DATA EXTRACT: Begin

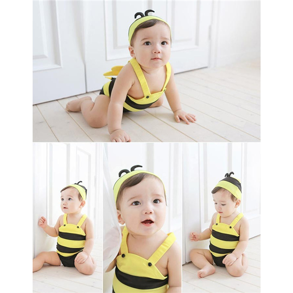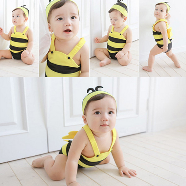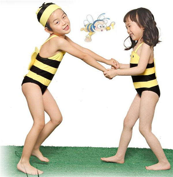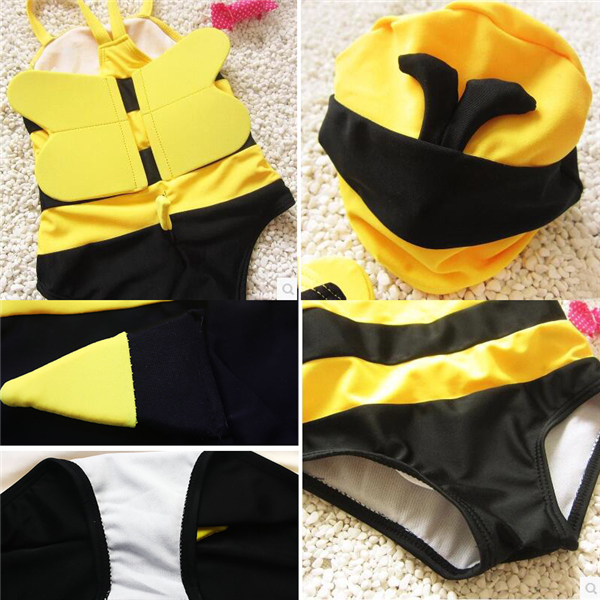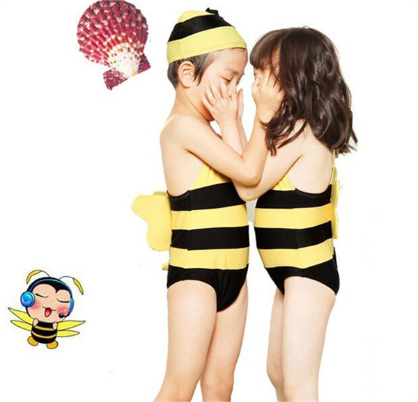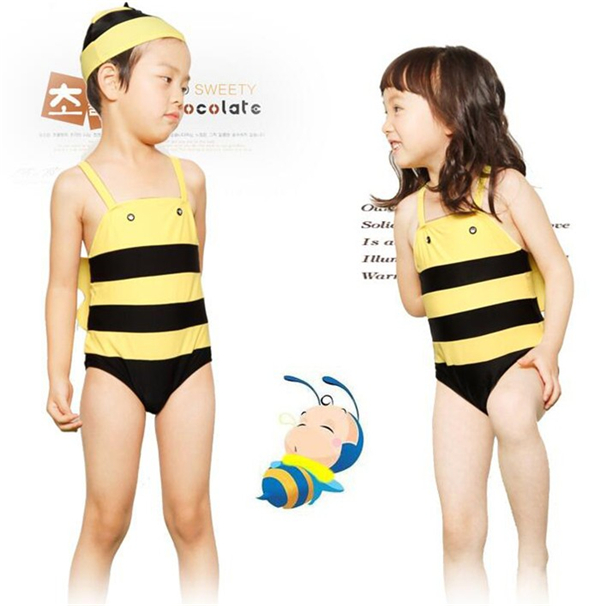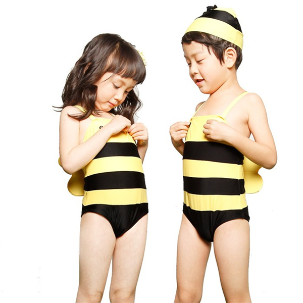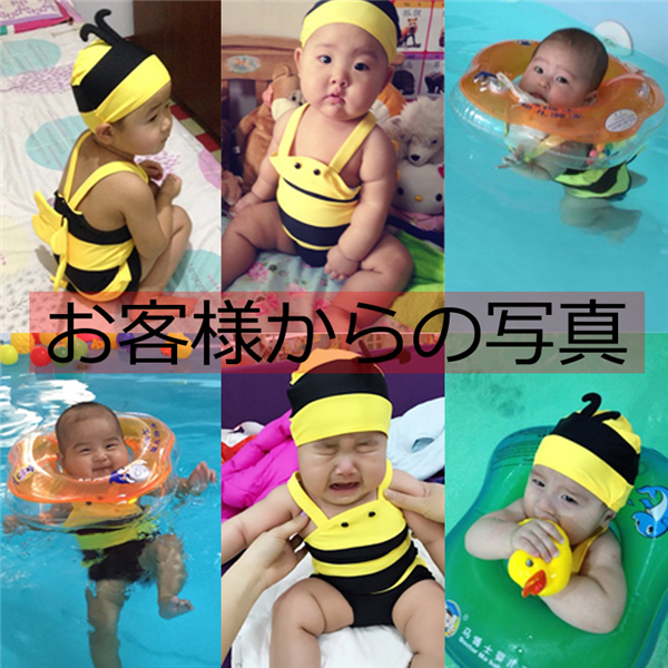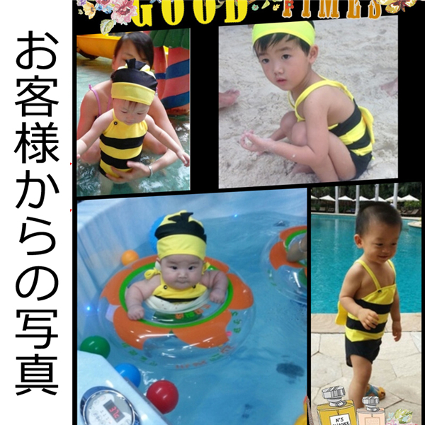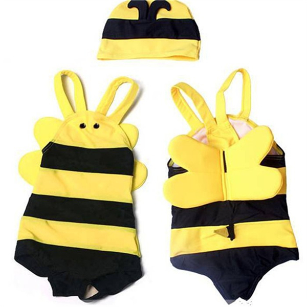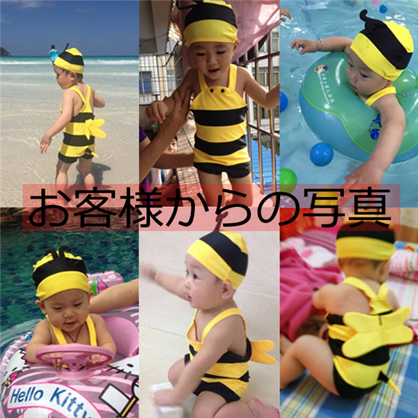 子供水着 男の子 女の子通用 アニマル柄 帽子付き 連体式水着 子ども 男児 幼児 キッズ水着 ジュニア ボーイ ハチ 蜂 ミツバチ DM便
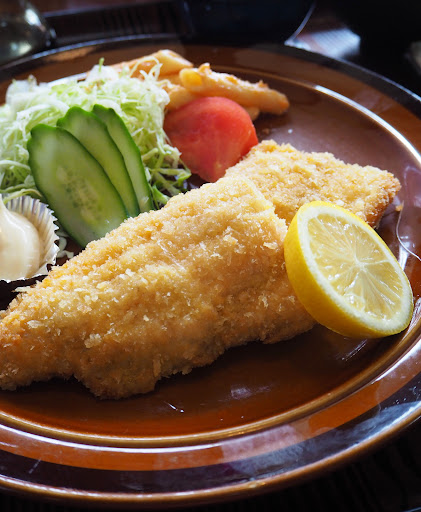 フライ定食は、フライ2枚、サラダ、切り干し大根、味噌汁、ご飯、たくあん2枚とシンプルとシンプルだがある意味洋食屋の食べ物みたいで、観光地の大衆食堂の料理にしてはかなり立派。外のフードサンプルでは一匹丸ごとだったが、実際に出てきたヒメマスは、大きい切り身が2枚。豪快さにはかけるが、切り身の方が食べやすい。そらく冷凍だと思われるが、まぁ〜安いのでその辺はあまり深く考えないことにした。揚げ具合もふっくらとしており、うまく上がっている。これがひめますかぁ〜という感動に浸る。出てきたソースはウースターソースでちょっとだけつけると美味い。同じ皿に盛られたマヨネーズをつけても美味い。ご飯半ばで満腹になる。
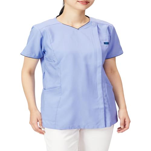 [フォーク] スクラブ・白衣 7022SC レディース サックス×ダークネイビー M (日本サイズM相当)
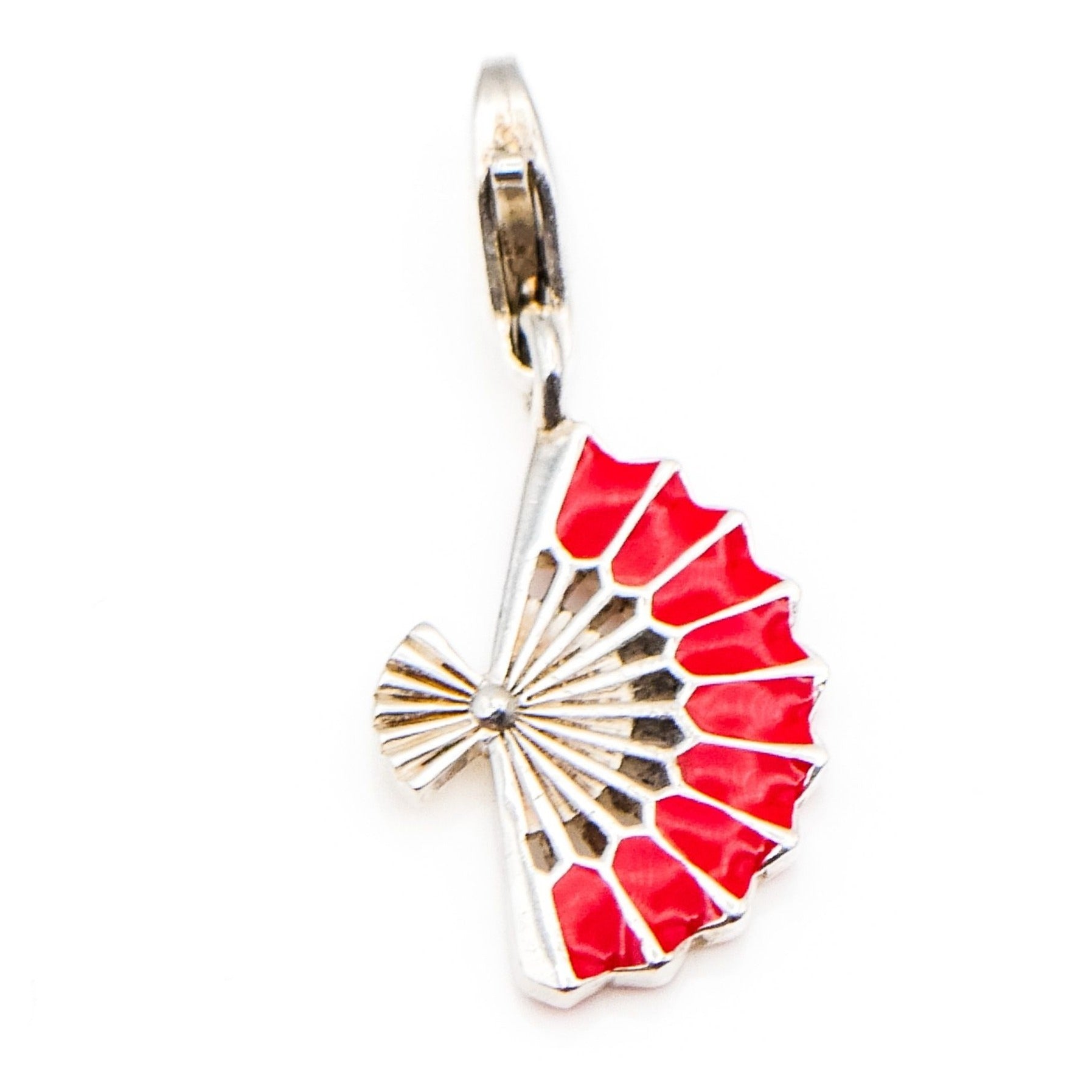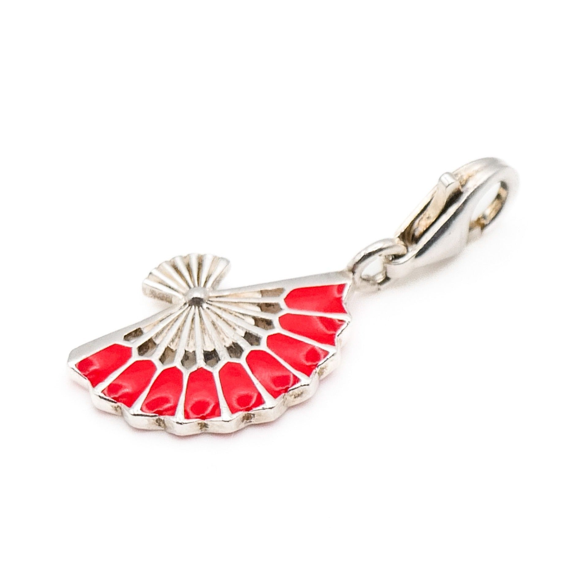 Crafted in sterling silver, this Thomas Sabo charm features a vibrant red enamel fan design. Its lobster clasp ensures secure attachment to bracelets or necklaces.
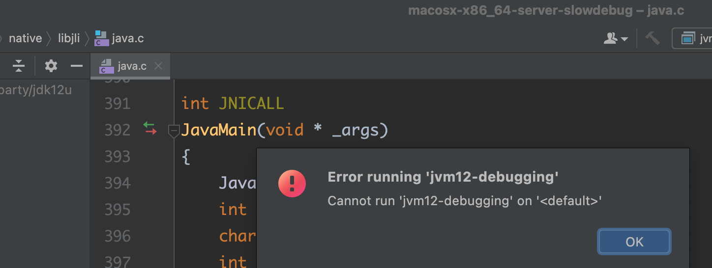 make CONF=macosx-x86_64-server-slowdebug但是,当我开始调试时,CLion显示的错误如下:

DATA EXTRACT: End

YOUR TASK: In your reply, please print exactly the lines from the one with "Crafted in sterling" through the final line of the listing above, both included, and no pictures.

EXERCISE RESULT:
 Crafted in sterling silver, this Thomas Sabo charm features a vibrant red enamel fan design. Its lobster clasp ensures secure attachment to bracelets or necklaces.
 make CONF=macosx-x86_64-server-slowdebug但是,当我开始调试时,CLion显示的错误如下:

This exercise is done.